Showing posts with label degrees of freesom. Show all posts
Showing posts with label degrees of freesom. Show all posts

Wednesday, March 6, 2013

correlation basics


We use linear regression to find relationships between two or more variables and to create a model that attempts to describe the relationship. 

A scatterplot is a 2-dimensional graph that displays pairs of data (i.e. observations). 

A correlation coefficient is a number that tells strength and direction of a relationship. 

·         0 means no linear relationship exists (could be there is a curved relationship)

·         +1 or -1 means the points fall on a perfect straight line   

·         The closer the number is to +1 or -1, the stronger the relationship. 

·         Rule of thumb is that +0.7  or -0.7  (or more) is a strong relationship; +0.5 or -0.5 indicates a moderate relationship.
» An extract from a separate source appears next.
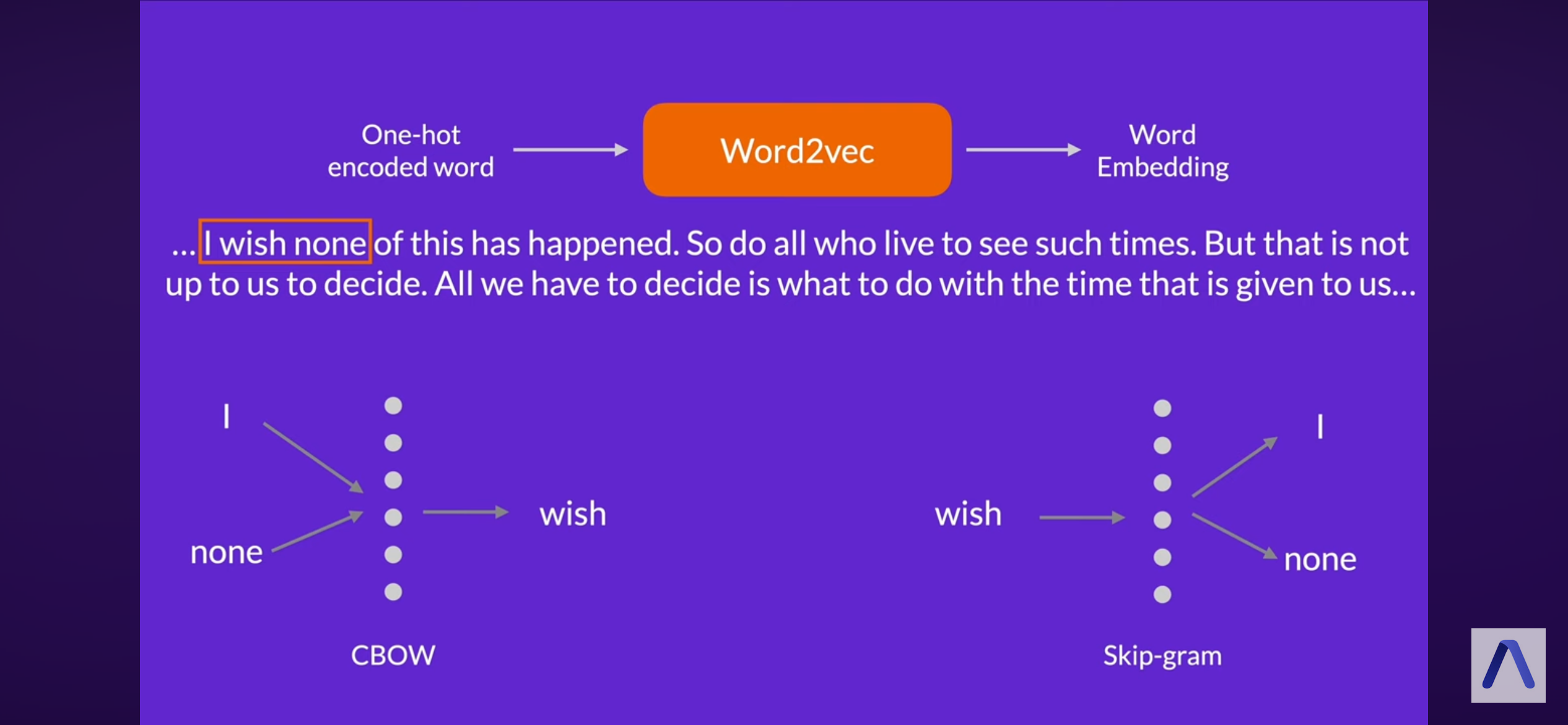 word2vec (google) for embeddings; see book appendix - skipgram - CBOW

Kinds of correlation coefficient – the one used depends on the kind of data:

·         Pearson r – used for data measured at least on an interval level (such my as data for TL, SL, and SV scales)

·         Spearman rho – used for linear relationships when data is measured on an ordinal scale (such as a ranking)
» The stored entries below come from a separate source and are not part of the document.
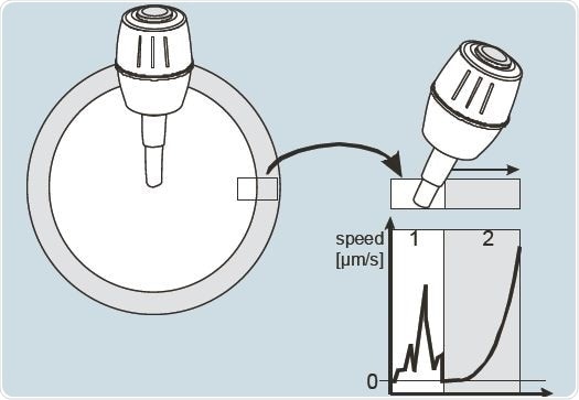 TransferMan 4m’s DualSpeed joystick can be declutched to reposition if maximum displacement of the path’s actual radius has been achieved. This feature is used to move the needle carefully in the fine or extra fine speed mode, while it is still able to do a quick motion range on entry into the joystick’s dynamic outer zone (Figure 6).
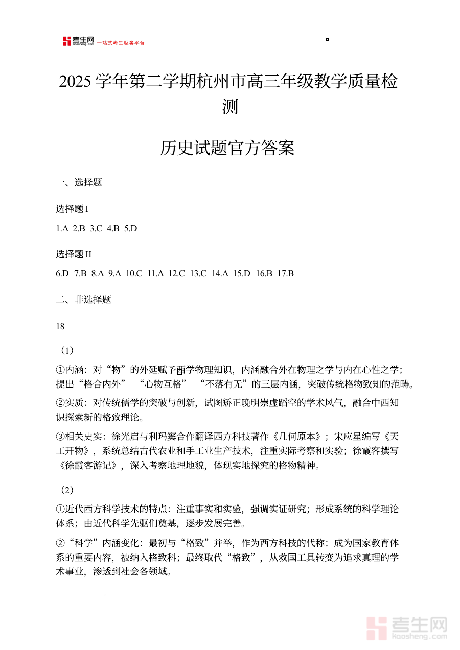 《2026届浙江杭州市高三下学期教学质量检测(二模)历史试题及答案 2025学年第二学期杭州市高三年级教学质量检测历史试题官方答案》是针对2026届浙江省杭州市高三学生的下学期教学质量检测(二模)历史学科官方试题及答案资料,属于高三阶段重要的模拟考试备考资源,能够反映该地区高三历史学科的阶段性考查方向与要求。
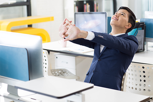 운동의 건강 효과 중 하나는 혈류의 흐름을 개선하는데 있다. 스트레칭은 혈액이 몸의 구석구석으로 잘 흐르도록 돕는다. 또 관절의 가동 범위를 넓히고 운동 부상을 막는다. 스트레칭은 따로 시간을 내서 해도 좋지만, 일을 하는 도중 짬을 내 제자리에서 해도 된다. 자리에 그대로 앉아 할 수 있는 동작들도 있고, 주변 사람들에게 방해가 되지 않는 선에서 자리에서 일어나 스트레칭을 해도 좋다. 단 반동을 이용한 스트레칭은 삼가도록 한다.
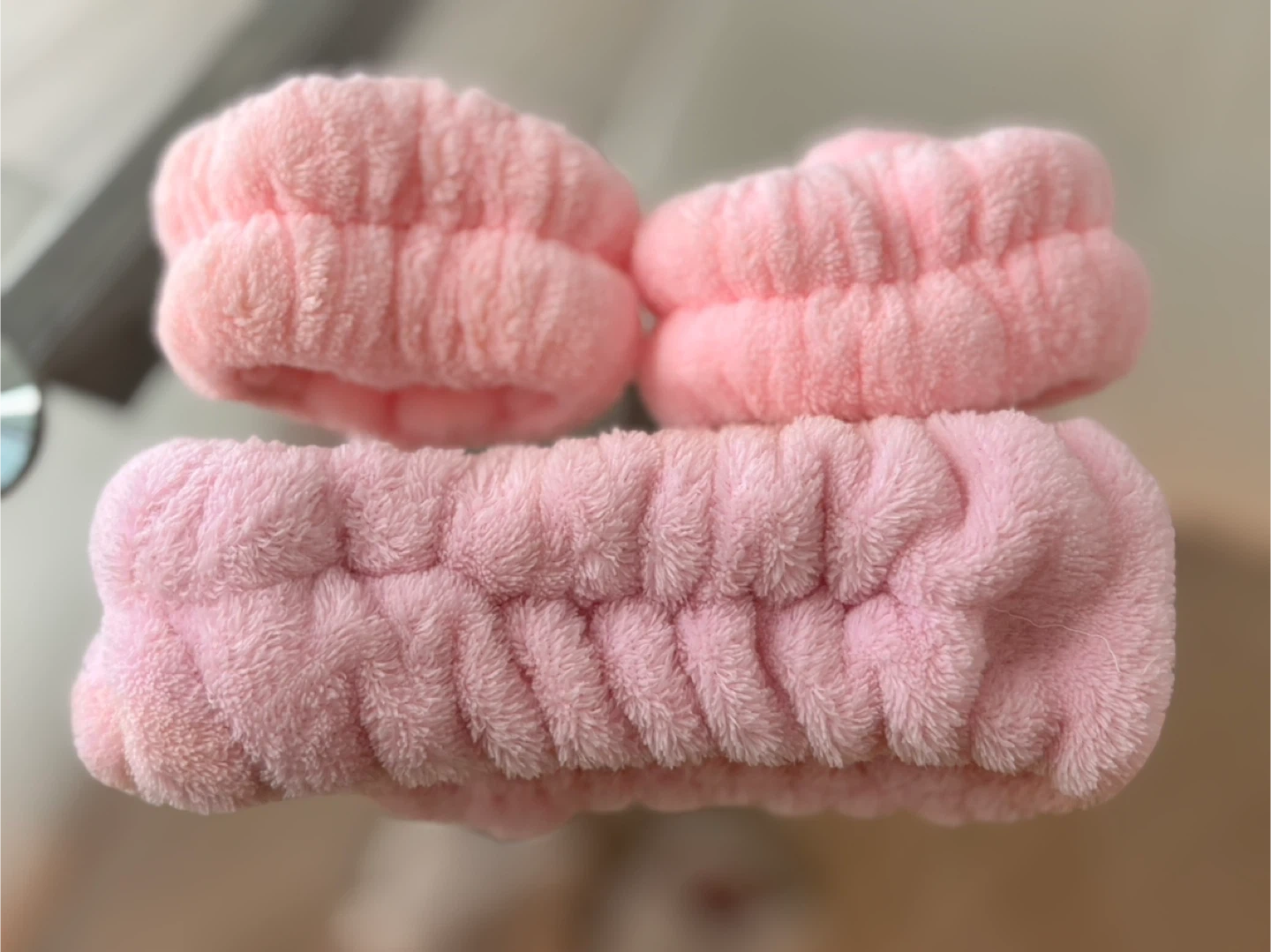 This is a set of pink fluffy beauty headbands and wrist cuffs. They're made of soft, plush material and are elasticized for a comfortable fit. Keep your hair back and water off your arms during your skincare routine!
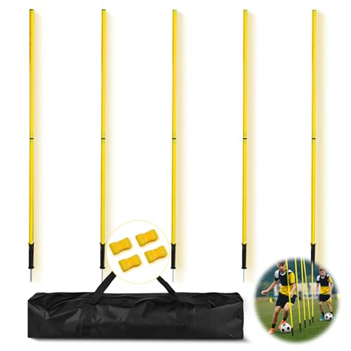 ZEMBSOYA Soccer Agilitys Training Poles Set,Soccer Training Sticks,Adjustable Training Poles Equipment with Base Buckles with Storage Bag for Football Soccer Speed Training Set(5 pcs)
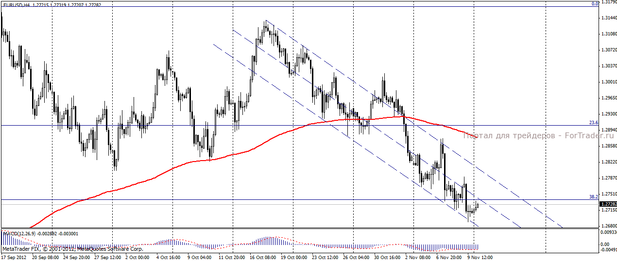 На сегодняшних торгах 12 ноября евро/доллар торгуется с приподнятым настроем. В отсутствие публикации важных экономических данных, драйвером, поддерживающим евро, выступила информация о принятии греческим парламентом бюджета на 2013 год. Теперь все внимание участников рынка будет обращено на стартующий сегодня в Брюсселе саммит министров экономики и финансов Еврозоны, на котором будет решаться вопрос о предоставлении Греции финансовой помощи. Однако, как считают аналитики журнала ForTrader, даже в случае положительного решения вопроса, коренным образом это ситуацию не изменит, поскольку следующим этапом должно стать одобрение ЕЦБ и МВФ, что, в свете имеющихся разногласий, добавляет ситуации негатива. А между тем, Греция уже в пятницу должна будет выплатить 5 млрд. евро по кредитам.
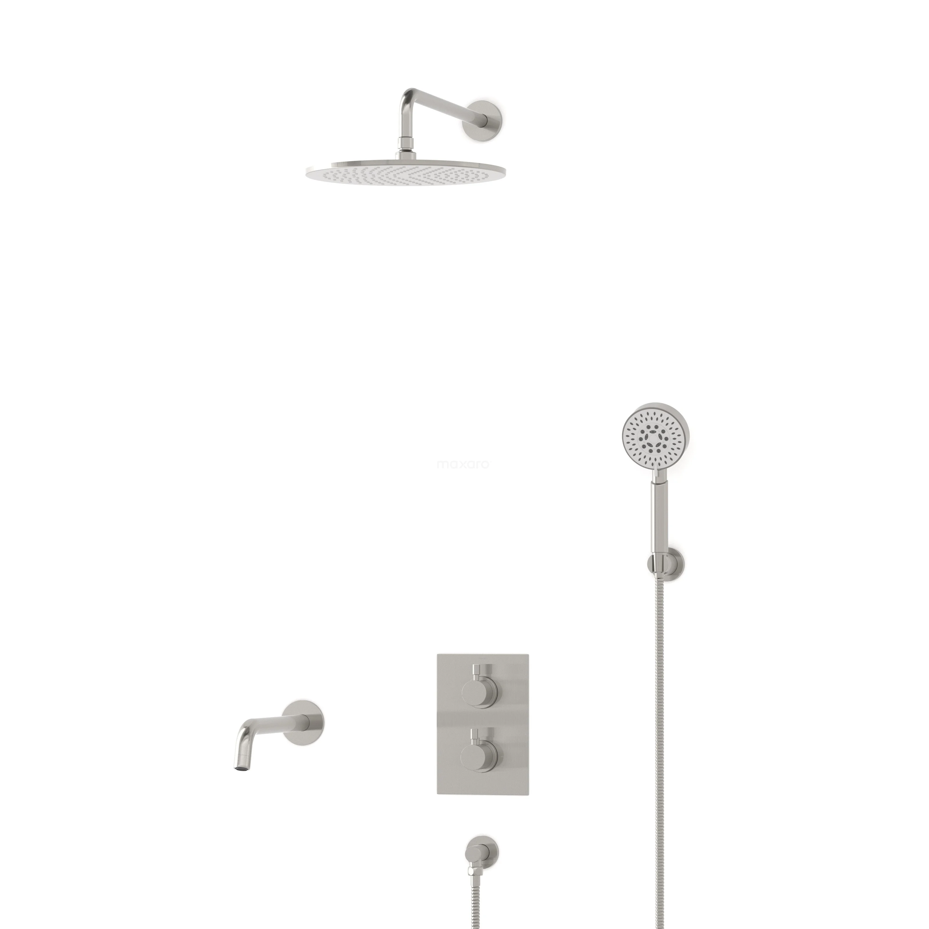 Radius Einbau Badewannenarmatur mit Regendusche | Edelstahl Thermostatisch

·         Phi – used for linear relationships for data measured dichotomously (e.g. yes/no, pass/fail)

·         also Point Biserial and Eta....don’t care about these for now

For a null hypothesis, the expected correlation is 0.  The key question is whether the variance from what we expect can be attributed to a relationship that really exists, or is the variance found only because of a sampling error.
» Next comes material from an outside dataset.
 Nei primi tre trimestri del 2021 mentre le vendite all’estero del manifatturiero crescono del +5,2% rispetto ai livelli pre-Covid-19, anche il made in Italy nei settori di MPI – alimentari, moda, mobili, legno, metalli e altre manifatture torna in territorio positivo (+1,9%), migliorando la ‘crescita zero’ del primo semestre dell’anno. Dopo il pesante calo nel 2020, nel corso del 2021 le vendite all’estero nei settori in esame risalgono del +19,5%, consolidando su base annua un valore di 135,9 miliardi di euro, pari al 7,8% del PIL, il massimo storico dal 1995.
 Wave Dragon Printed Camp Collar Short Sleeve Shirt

A one-tailed hypothesis assumes the relationship is positive or negative.

A two-tailed hypothesis makes no assumption about the relationship.  

For a correlational study, degrees of freedom = N-2.  One degree of freedom is lost for every variable in the model.  Degrees of Freedom represents how many numbers are free to vary in a calculation sequence (Steinberg, 2008). 

References

Rumsey, D. (2009). Statistics II for Dummies.  Hoboken, NJ: Wiley Publishing, Inc.

Steinberg, W. J. (2008). Statistics Alive! Thousand Oaks, CA: Sage Publications.